Thermodynamic Process

• A thermodynamic process is any procedure that modifies a system's thermodynamic state.
• For example, heating water in a vessel causes changes in state variables such as temperature, pressure, and volume.
• A system's state is represented by its temperature, pressure, and volume.

Change in Internal Energy of a System

• Internal energy (U) can change by heat transfer or work being done.

First Law of Thermodynamics

• First Law establishes a connection between work and heat, and they are related in a thermodynamic process.
• Work can be done on the system or by the system, depending on volume changes.

Work in a p-V diagram

• The work done by a system during a thermodynamic process can be represented graphically using the area under the p-V curve.
• The area of the curve is used to calculate work, indicating if the work done on the system or by the system (positive or negative value).

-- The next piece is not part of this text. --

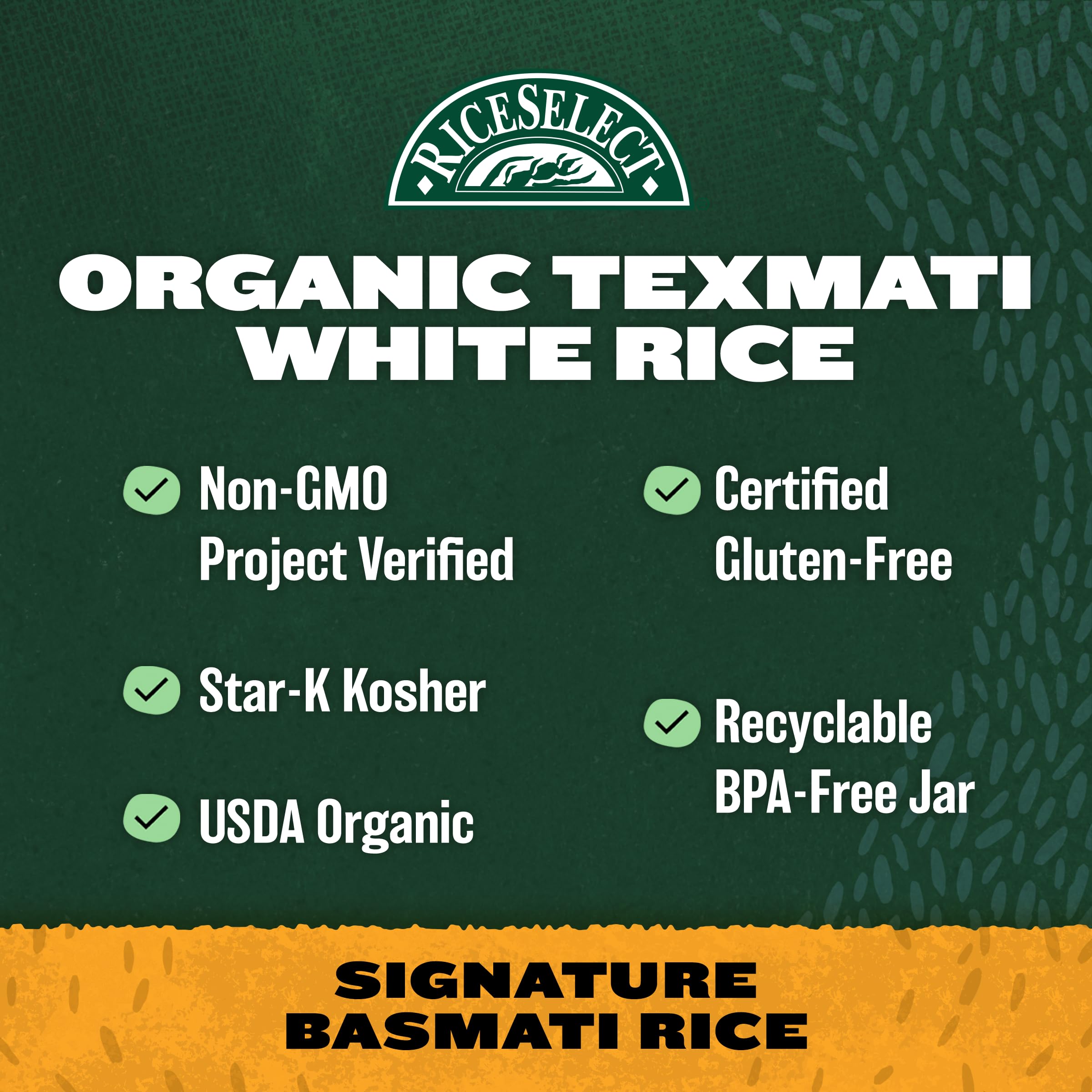 RiceSelect Organic Texmati White Basmati Rice, Premium Non-GMO Gluten-Free Long-Grain White Rice, 32-Ounce Jar

Change in internal energy during a process

• Internal energy change is calculated by the difference between Heat transferred and Volume-pressure work done

Thermodynamic Cycle

• A thermodynamic cycle is a series of thermodynamic processes that eventually return the system to its initial state. The network done by a cycle can be calculated by integrating the area under the cycle in the p-V diagram.

Thermodynamic Equilibrium

• A mechanical equilibrium exists if there are no unbalanced forces within the system and between the surroundings.
• Equilibrium also exists if the pressure is similar everywhere within the system, and between the system and the surroundings.
• Chemical equilibrium is when no chemical reactions occur and no diffusion of matter takes place between different parts of the system.
• Thermal equilibrium is when a system has a consistent temperature throughout and this temperature does not change over time.

Thermodynamic State Variables and Equation of State

• Thermodynamic state variables are measurable characteristics of a system.
• Examples include pressure (P), temperature (T), volume (V), density, and more.
• The mathematical relationship between state variables is called the equation of state.
• The equation of state for an ideal gas is PV = nRT, where: P is pressure, V is volume, n is the number of moles of gas, R is the universal gas constant and T is temperature.

Isothermal Process

• An isothermal process undergoes change with a constant temperature.
• For instance melting ice is an isothermal process.

Isobaric Process

• An isobaric process is a change that takes place at a constant pressure.
•  Example: boiling water at a constant atmospheric pressure.